:: Work task ::
Could you write out, exactly and with no pictures, every line from the one containing "此事的起因是1月13日,李亚" through the last line of the entries?
::::
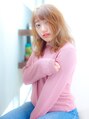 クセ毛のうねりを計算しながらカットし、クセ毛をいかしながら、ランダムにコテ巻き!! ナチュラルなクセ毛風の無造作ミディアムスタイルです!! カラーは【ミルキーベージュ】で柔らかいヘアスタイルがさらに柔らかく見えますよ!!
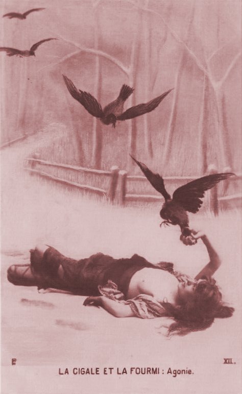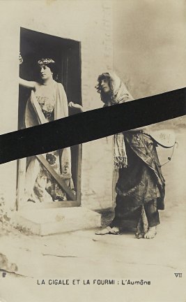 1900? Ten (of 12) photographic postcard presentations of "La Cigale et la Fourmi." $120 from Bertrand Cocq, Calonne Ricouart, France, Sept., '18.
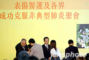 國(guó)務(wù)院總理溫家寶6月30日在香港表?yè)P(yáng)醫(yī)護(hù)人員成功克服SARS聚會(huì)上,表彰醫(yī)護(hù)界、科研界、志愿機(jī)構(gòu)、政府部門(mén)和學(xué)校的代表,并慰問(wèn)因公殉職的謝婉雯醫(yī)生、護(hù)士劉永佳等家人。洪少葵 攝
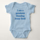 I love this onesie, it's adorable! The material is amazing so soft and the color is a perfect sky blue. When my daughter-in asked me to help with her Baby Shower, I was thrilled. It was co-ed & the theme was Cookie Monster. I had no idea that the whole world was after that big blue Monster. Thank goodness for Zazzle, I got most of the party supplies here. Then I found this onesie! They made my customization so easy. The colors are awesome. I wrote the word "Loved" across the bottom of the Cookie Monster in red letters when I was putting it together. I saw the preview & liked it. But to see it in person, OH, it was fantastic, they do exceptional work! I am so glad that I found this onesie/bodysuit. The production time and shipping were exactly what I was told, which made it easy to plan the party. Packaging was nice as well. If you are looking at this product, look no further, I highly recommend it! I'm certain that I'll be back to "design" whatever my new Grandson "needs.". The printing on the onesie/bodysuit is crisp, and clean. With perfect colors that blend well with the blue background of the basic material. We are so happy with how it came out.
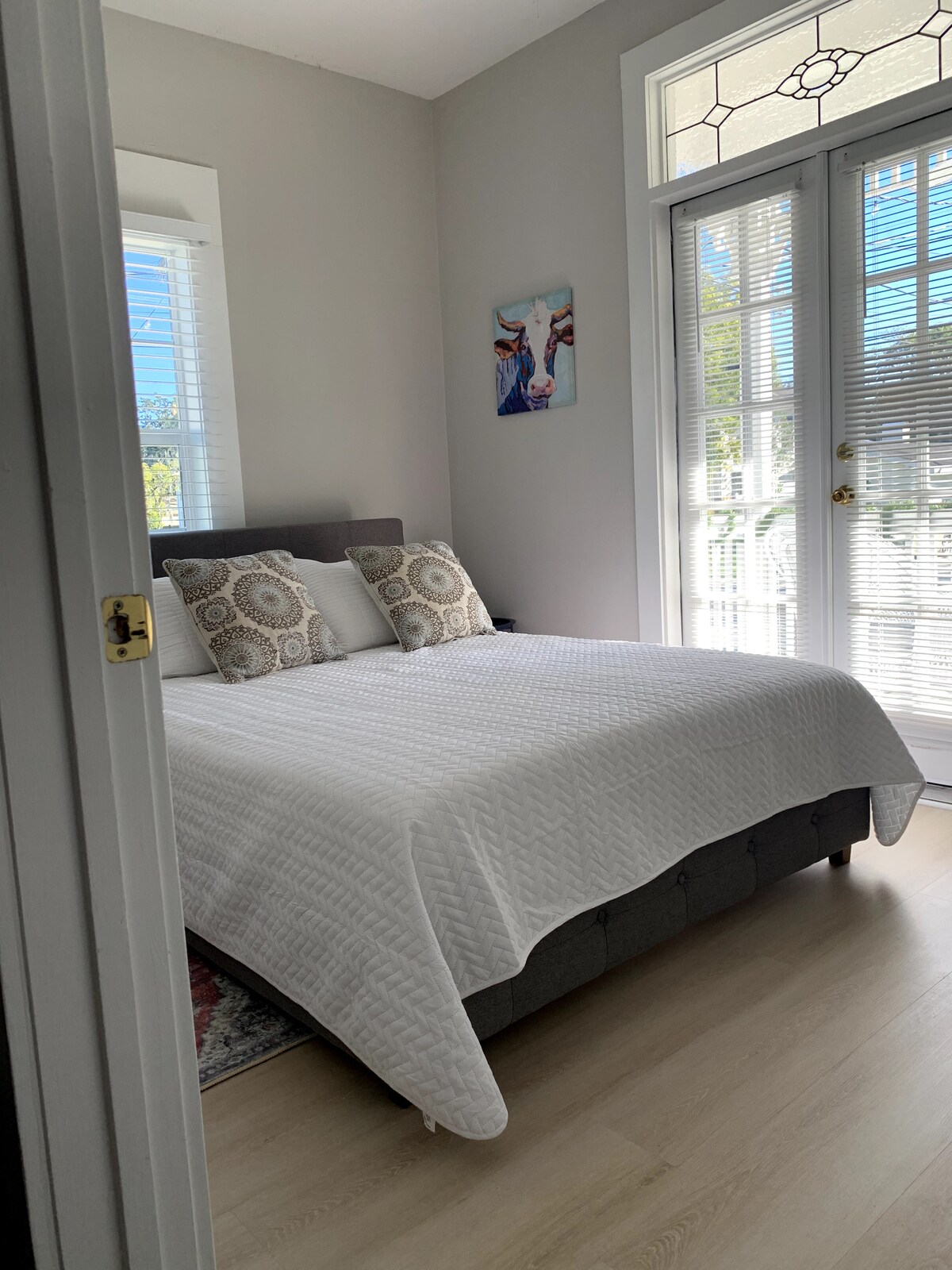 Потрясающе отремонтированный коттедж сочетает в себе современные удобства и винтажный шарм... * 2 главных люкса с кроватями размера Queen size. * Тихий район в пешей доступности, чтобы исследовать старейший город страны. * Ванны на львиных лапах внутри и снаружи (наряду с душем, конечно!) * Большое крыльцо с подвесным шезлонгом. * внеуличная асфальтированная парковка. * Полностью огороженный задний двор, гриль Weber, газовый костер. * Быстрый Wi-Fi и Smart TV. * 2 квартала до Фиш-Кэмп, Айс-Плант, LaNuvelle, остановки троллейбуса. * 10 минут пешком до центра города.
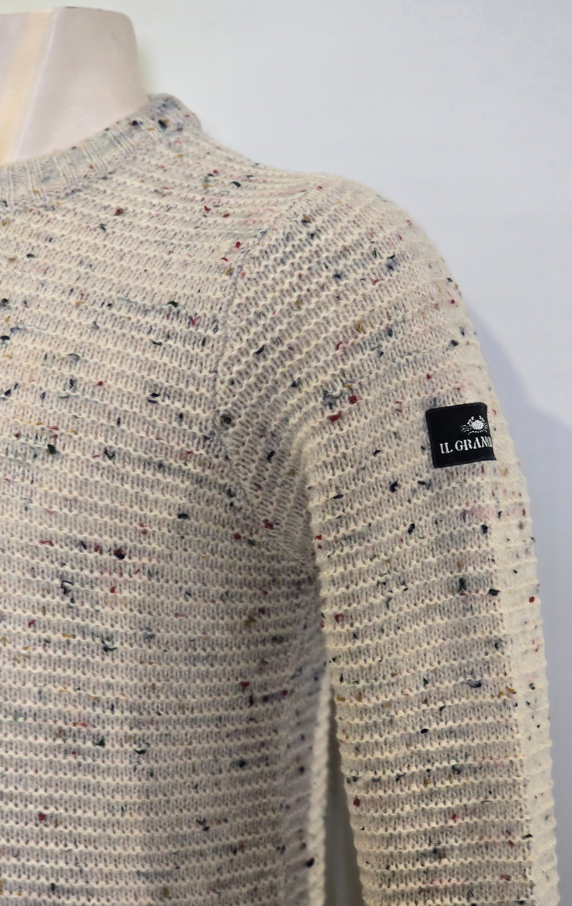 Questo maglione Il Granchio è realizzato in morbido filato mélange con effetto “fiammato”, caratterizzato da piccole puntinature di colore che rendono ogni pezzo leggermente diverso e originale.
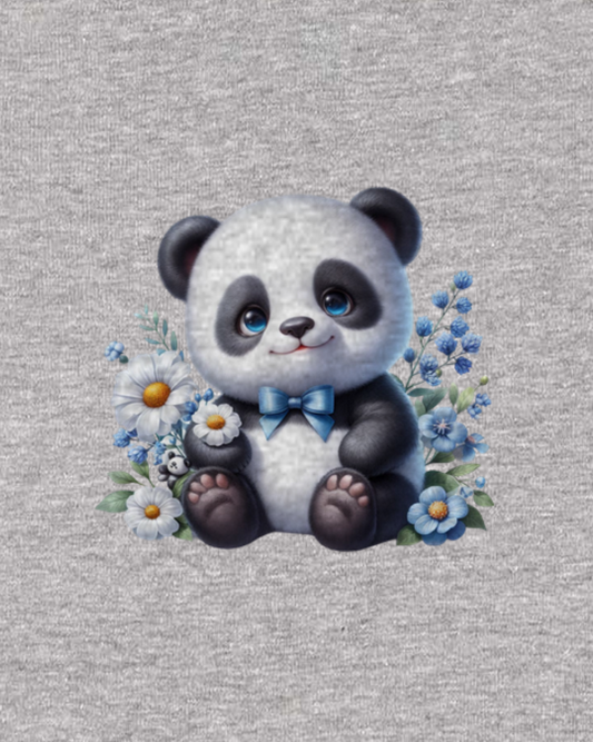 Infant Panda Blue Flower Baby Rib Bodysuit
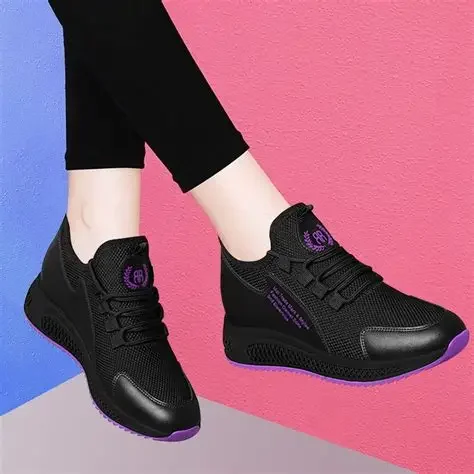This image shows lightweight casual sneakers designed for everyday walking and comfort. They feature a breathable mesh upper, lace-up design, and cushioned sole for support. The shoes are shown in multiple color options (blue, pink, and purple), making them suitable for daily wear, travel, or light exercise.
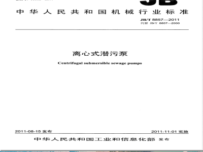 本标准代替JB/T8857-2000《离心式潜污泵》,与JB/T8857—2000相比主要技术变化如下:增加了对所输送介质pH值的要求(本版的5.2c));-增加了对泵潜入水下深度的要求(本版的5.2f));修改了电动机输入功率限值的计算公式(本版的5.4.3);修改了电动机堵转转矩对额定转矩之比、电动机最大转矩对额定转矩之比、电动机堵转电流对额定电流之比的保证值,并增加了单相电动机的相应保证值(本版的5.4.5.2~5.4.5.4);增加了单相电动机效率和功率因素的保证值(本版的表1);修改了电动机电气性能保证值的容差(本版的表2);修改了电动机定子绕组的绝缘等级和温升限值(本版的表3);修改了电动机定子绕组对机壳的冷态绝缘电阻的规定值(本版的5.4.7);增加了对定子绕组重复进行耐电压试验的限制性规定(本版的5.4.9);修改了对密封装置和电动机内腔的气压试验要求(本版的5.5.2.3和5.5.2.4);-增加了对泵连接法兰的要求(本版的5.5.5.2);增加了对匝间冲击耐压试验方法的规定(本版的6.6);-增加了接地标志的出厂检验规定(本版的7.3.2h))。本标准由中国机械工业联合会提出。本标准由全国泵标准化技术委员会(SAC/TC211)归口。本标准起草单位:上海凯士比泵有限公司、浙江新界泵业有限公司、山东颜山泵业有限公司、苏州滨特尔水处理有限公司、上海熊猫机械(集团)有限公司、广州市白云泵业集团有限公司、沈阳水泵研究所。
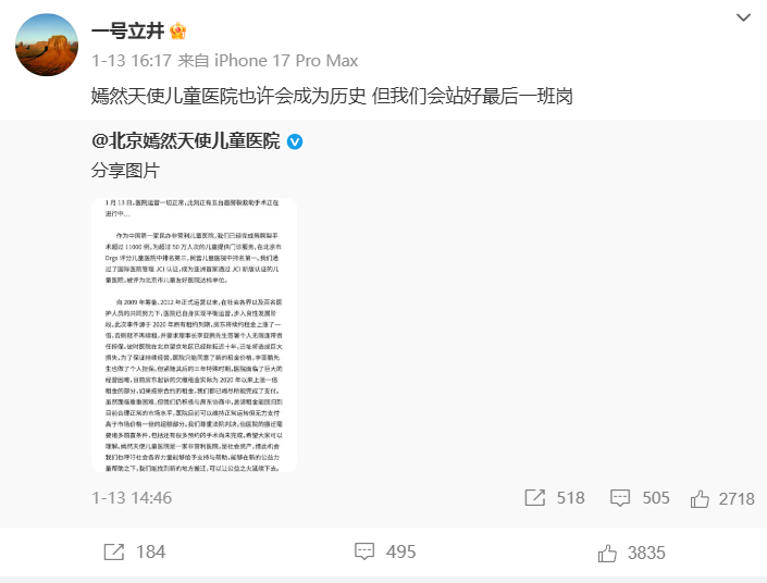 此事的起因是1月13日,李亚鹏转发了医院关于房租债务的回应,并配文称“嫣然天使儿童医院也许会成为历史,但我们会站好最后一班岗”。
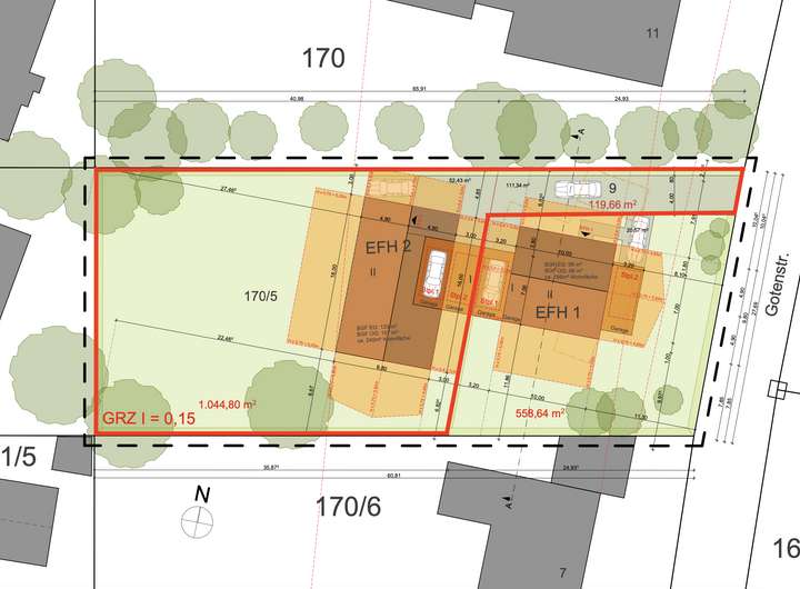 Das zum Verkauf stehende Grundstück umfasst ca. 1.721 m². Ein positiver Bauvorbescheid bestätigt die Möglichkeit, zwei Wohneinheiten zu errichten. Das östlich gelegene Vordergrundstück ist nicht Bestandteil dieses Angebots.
::::
:: Response for this exercise ::
 此事的起因是1月13日,李亚鹏转发了医院关于房租债务的回应,并配文称“嫣然天使儿童医院也许会成为历史,但我们会站好最后一班岗”。
 Das zum Verkauf stehende Grundstück umfasst ca. 1.721 m². Ein positiver Bauvorbescheid bestätigt die Möglichkeit, zwei Wohneinheiten zu errichten. Das östlich gelegene Vordergrundstück ist nicht Bestandteil dieses Angebots.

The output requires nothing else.